For MGM bonds, there are a number of choices, ranging from senior secured (the least risky in case of default) or the subordinated, which may not fare well in such a case. I listed a few on the table below. Personally, I like the subordinated 2013’s, because you might as well go “all in” if you think bankruptcy is looking like a long shot. But in any case, all these bonds have rallied over the last year and the easy money is over.

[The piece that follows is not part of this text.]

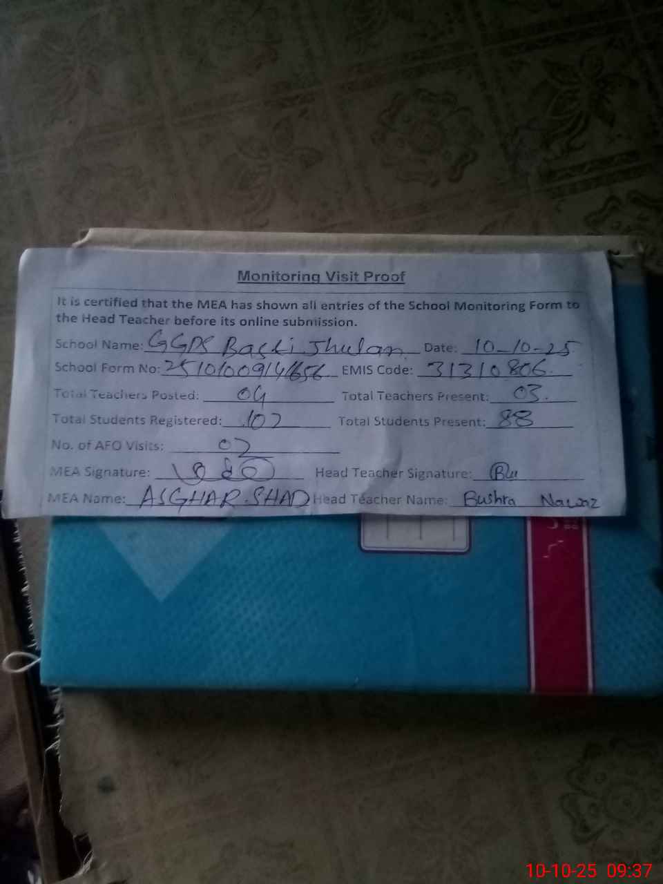| Attendance Register | Head Teacher | MEA with School | Visit Proof |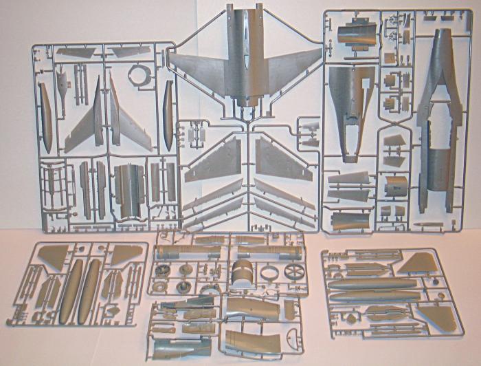 Und mein Warten wurde belohnt. Dies ist ein Bausatz der Superlative. Hier hat Tamiya die Meßlatte im Flugzeugmodellbau, wieder ein ganzes Stück nach oben gelegt. Mal schauen ob andere Modellbaufirmen da nachziehen können. Der Karton ist Randvoll mit hochdetaillierten und filigranen Bauteilen. Ferner liegen den Bausatz eine Reihe von Ätzteilen für das Radar, Leucht/ Flitterverteiler, und die Verschlüsse der Sitzgurte bei. Das Fahrwerk ist komplett aus Metal und muss kaum nachbearbeit werden. Nur kleine Gratstellen müssen abgeschliffen werden. Eine Klare und getönte Cockpithaube liegen den Bausatz bei.

Second up is Harrah’s Entertainment, which is a behemoth like MGM, only larger and with less concentration in Las Vegas and more property in Atlantic City (not a good thing). Harrah’s was taken private in 2006 by private equity firms TPG and Apollo, which then proceeded to load it up with debt. That’s standard procedure in these cases. It’s also standard procedure for these takeover specialists to screw over those debt holders if necessary and convenient. That’s also not a good thing. Still, as we stated above, this is a business that generates cash, apparently even in Tunica, Mississippi (where Harrahs has THREE casinos).

Still, it’s not enough to make a bondholder comfortable (not that we ever are). So, once again Paulson to the rescue. Paulson’s fund(s) recently picked up a nice chunk of Harrah’s debt (over $800 mm) and agreed to exchange it for equity. For bondholders that’s a good thing since it means some deleveraging, if not a whole lot. Harrah’s LT debt is close to $20 billion. The company is planning to go public with its shares shortly, and from the preliminary prospectus, it appears they will be selling an additional $575 million in shares to the public. That would be a good thing, since it would mean more deleveraging.

Still, count me as a bit skeptical on Harrah’s, and I’d prefer the secured bonds, which still are offering a very hefty yield. That would make it good for a couple of chips.